Oficjalnie ogłaszam, że popełniłam niewybaczalny czyn i nie wiem, czy właśnie nie uśmierciłam sobie pepino.
Po wniesieniu do domu nie mogło się "ogarnąć". Niby kaloryfery wyłączone, niby wypryskane na szkodniki przed wzięciem do domu, kilkanaście stopni do max. 20 w pokoju, okno uchylone... no słowem wszystko co można zrobić dla tej nieszczęsnej roślinki przy braku możliwości zapewnienia jej lepszej kwatery.

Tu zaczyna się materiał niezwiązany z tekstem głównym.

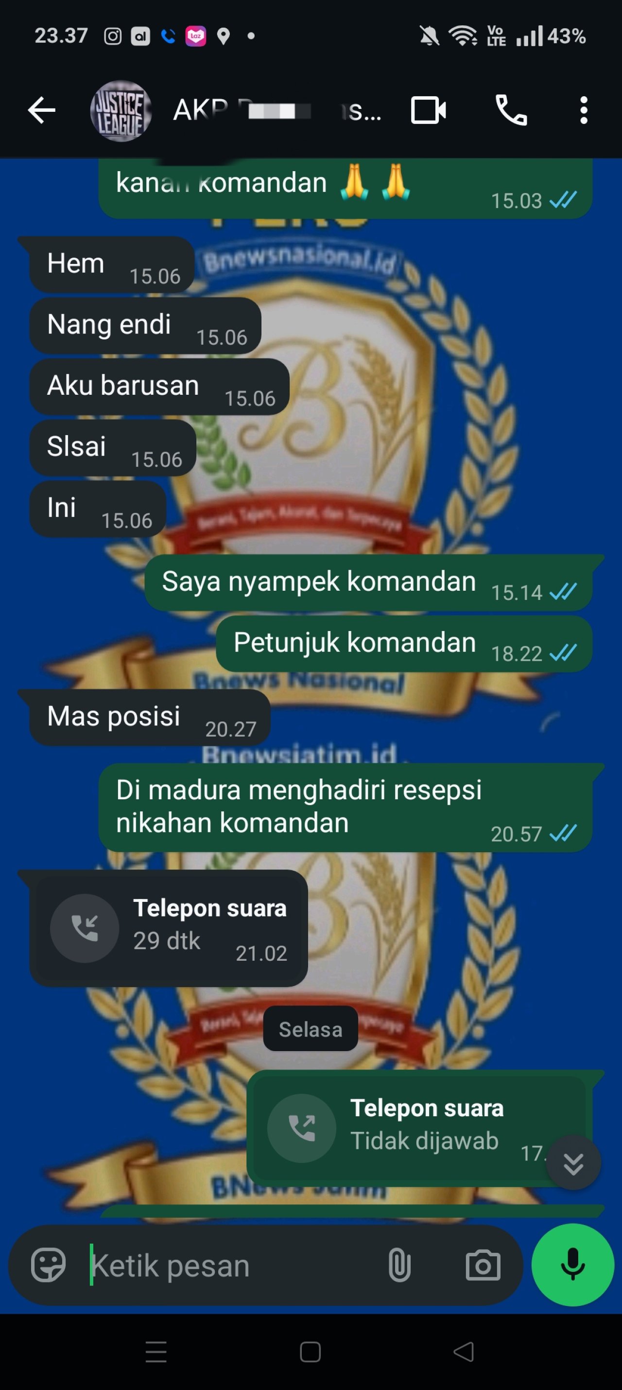 Setelah keesok harinya awak media datang ke polres tanjung perak sekiranya pukul 10.30 siang dan langsung menghubungi kasatnarkoba melalui WhatsApp dan beliau menjawab oke tunggu saya berangkat mas dan kami menunggu lama sampai sore hari terpaksa kami balik kanan pulang begitu nyampek rumah kasatnarkoba mengirim pesan singkat melalui WhatsApp.

No i znalazłam winowajcę. Bo na szkodniki owszem, wypryskałam, za to na grzyby to już jakoś nie przyszło mi do głowy. Nie wiem, co dokładnie mi pepino zaatakowało. Za dużo o chorobach grzybowych u pepino nie ma w internecie, więc ciężko mi określić. Ale było to coś baardzo agresywnego, bo po wniesieniu do domu w zeszłym tygodniu było może parę liści z plamkami na cały krzaczor, a dziś już jak zaczęłam rwać zarażone wraz z całymi łodygami, to skończyłam, kiedy roślinka była w takim stanie:

A tu przykładowy liść przed cięciem:
Ech, boli mnie, jak patrzę na to pepino. Mam tylko nadzieję, że odbije, a jeśli nie... czeka mnie w przyszłym roku sianie, bo nie było nawet z czego zrobić sadzonki, żadnej zdrowej łodyżki, nawet najmłodsze listki były już w koszmarnym stanie.